Our Scalability project has reached success! We have eclipsed our goal of doing 50,000 registrations in 10 minutes – completing the task in only 7 minutes. This means RunSignUp is simply the most scalable registration system in the world – able to meet the needs of the largest races. And combined with our robust Participant Management features for bib exchange, event transfers and automated refunds and wait lists, RunSignUp is now simply the best registration and results system available, eclipsing old systems like Active.com.
Our project was inspired by the Broad Street race in Philadelphia this past spring where we faced frustrations in trying to register ourselves for the race (on a different registration system). Users were subjected to timeouts, no response and uncertainty as the system took over 5 hours to process 30,000 registrations.
During this year, we have methodically improved performance and implemented mechanisms that give us very robust capabilities. This has yielded benefits for every race since we are now twice as fast as Active.com, and the stability and availability of our service has been improved to be industry leading.
Here are the gory details:
We tested a user going thru a multiple step process that included most of our features to simulate a “worst case” scenario:
- Race Information Page
- SignUp Page
- User Information & Event Selection Page
- Team joining Page
- Giveaway selection Page
- Donation Page
- Store Page
- Payment Information Page
- Confirmation Page
To accomplish this test, we had to build a test suite that emulated a browser. The test suite includes a scripting component that let’s us mimic what a user would type in and see what the resulting page is. The test suite allows us to set the number of browsers to be emulated, the number of servers to be used to run the browsers, a variable wait time to emulate the time it takes a user to type in information on a page (we set this to be 15-60 seconds, which was done randomly for each user). The test also collected all of the information on each of these 450,000 page submits and replies checking for errors and calculating response time. The test servers all fed their information back to a central server which collated the information into a summary form that includes the graphs on this blog page.
We run on the Amazon Cloud, which makes it easy and low cost to add and deploy servers. We did a number of configurations, but most of our tests were run with the following number of servers and sizes:
- 20 m3.2xlarge instances, each emulating 2,500 runners.

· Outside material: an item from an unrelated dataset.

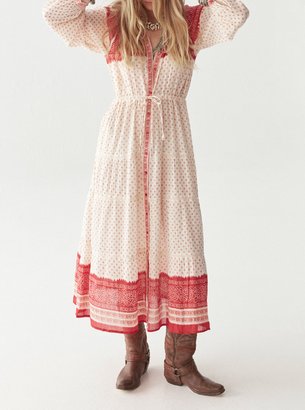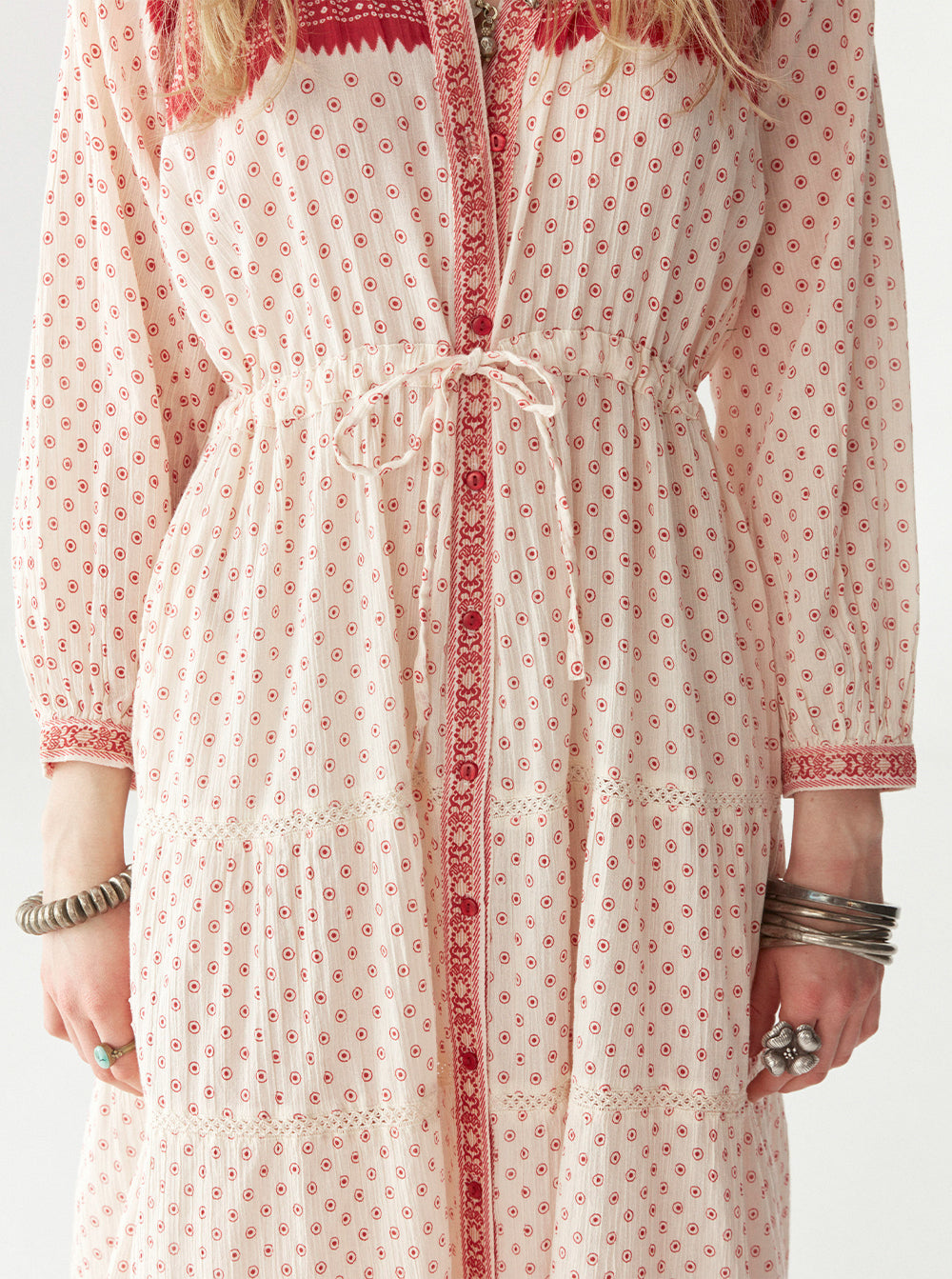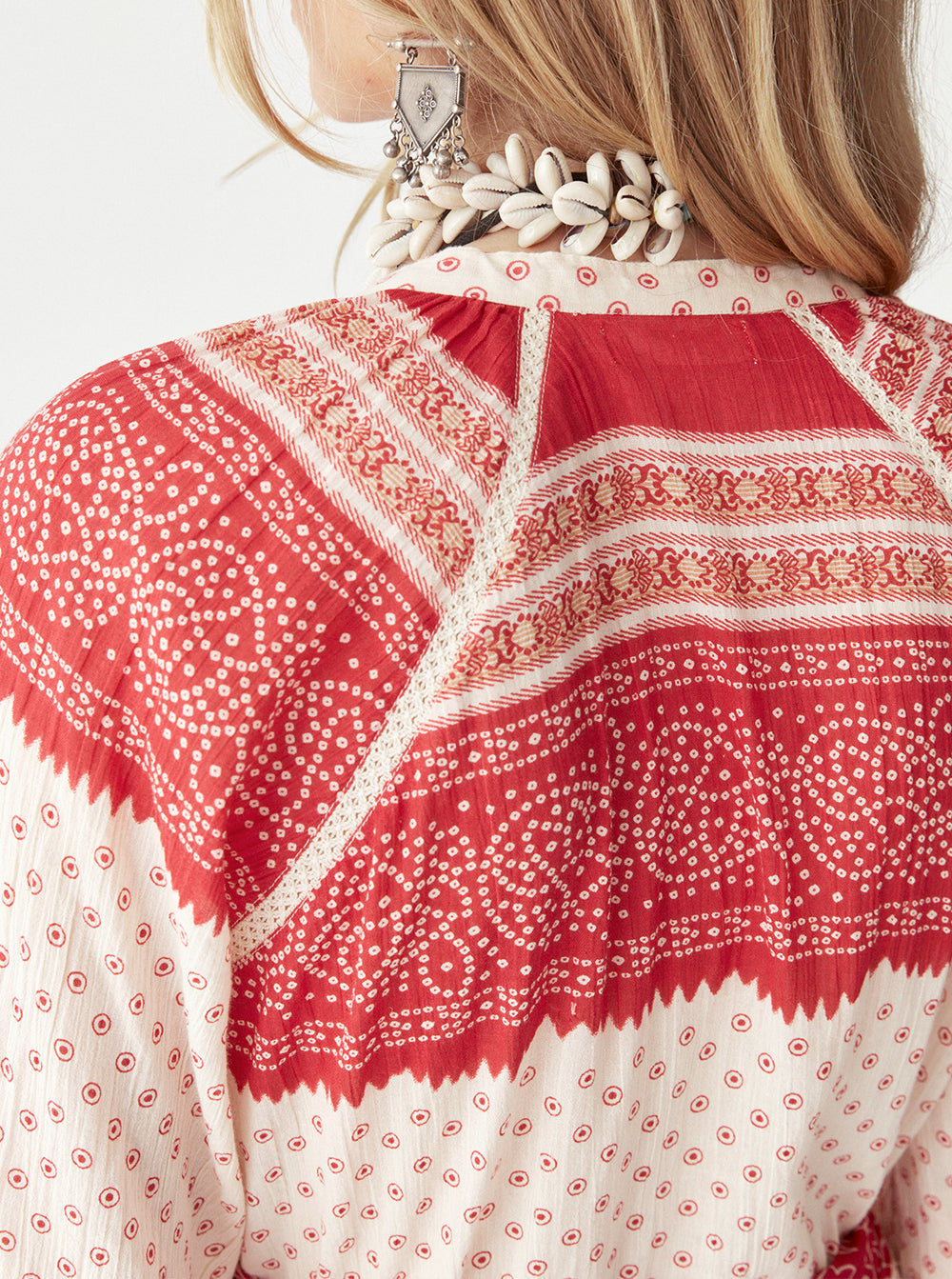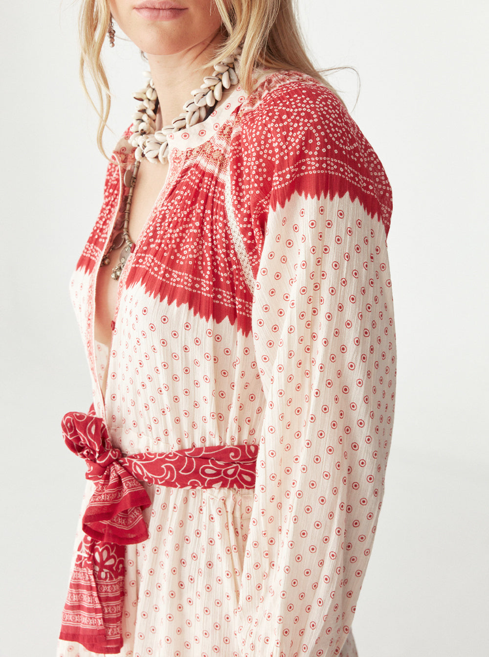 Made from lightweight, textured cotton, it moves with ease while keeping its structure. The geranium red micro-print on a washed cream base gives it a vintage, sun-worn feel—like something picked up in a forgotten boutique, not mass-produced. The bandana yoke and hemline detailing add just the right amount of edge, a nod to Western heritage but with a knowing smirk.

- 4 h1.4xlarge Load Balancers running NGINX.
- 250 m1.large Apache Webservers.
- 1 m1.large RDS Server running MySQL with multi-zone auto-failover
- 2 m1.large RDS Read-Replicas running MySQL
- 4 c1.medium memcached servers for session cache
- 4 c1.medium memcached servers for data cache
This was distributed across two Amazon Availability Zones to help maximize availability in the event of an Amazon data center going down. We were also able to achieve similar results with 42 Webservers on the m3.2xlarge servers sized at 26 EC2 units with 30 GB of memory each.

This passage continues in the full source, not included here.